Extracted entries.
Content starts
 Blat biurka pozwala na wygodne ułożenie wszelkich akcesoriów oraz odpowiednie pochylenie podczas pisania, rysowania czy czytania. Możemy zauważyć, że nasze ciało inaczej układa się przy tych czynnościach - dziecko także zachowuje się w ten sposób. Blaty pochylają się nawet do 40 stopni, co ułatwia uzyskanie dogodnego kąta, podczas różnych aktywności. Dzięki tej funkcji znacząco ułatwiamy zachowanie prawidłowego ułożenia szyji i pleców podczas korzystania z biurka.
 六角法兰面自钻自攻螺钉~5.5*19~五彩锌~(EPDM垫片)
Content ends
Content starts
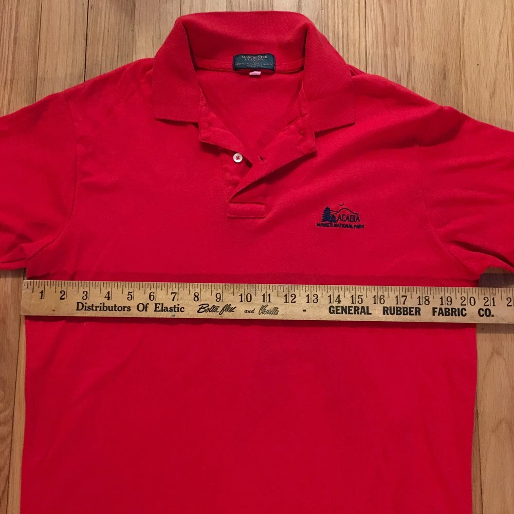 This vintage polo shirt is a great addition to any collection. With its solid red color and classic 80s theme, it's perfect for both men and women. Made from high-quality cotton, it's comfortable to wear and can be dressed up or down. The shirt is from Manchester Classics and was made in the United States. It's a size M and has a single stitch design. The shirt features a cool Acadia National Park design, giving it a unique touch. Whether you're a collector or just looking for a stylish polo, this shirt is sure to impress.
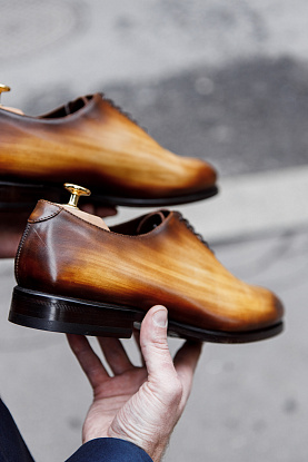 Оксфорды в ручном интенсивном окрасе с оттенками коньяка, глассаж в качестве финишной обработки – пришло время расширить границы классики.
Content ends
Your assignment.
Where the listing above has a line with "Blat biurka pozwala", start there, and output every line exactly through the line with "六角法兰面自钻自攻螺钉~5.5*19~五彩锌~(EPDM垫片)", which is also included.

Answer to the exercise.
 Blat biurka pozwala na wygodne ułożenie wszelkich akcesoriów oraz odpowiednie pochylenie podczas pisania, rysowania czy czytania. Możemy zauważyć, że nasze ciało inaczej układa się przy tych czynnościach - dziecko także zachowuje się w ten sposób. Blaty pochylają się nawet do 40 stopni, co ułatwia uzyskanie dogodnego kąta, podczas różnych aktywności. Dzięki tej funkcji znacząco ułatwiamy zachowanie prawidłowego ułożenia szyji i pleców podczas korzystania z biurka.
 六角法兰面自钻自攻螺钉~5.5*19~五彩锌~(EPDM垫片)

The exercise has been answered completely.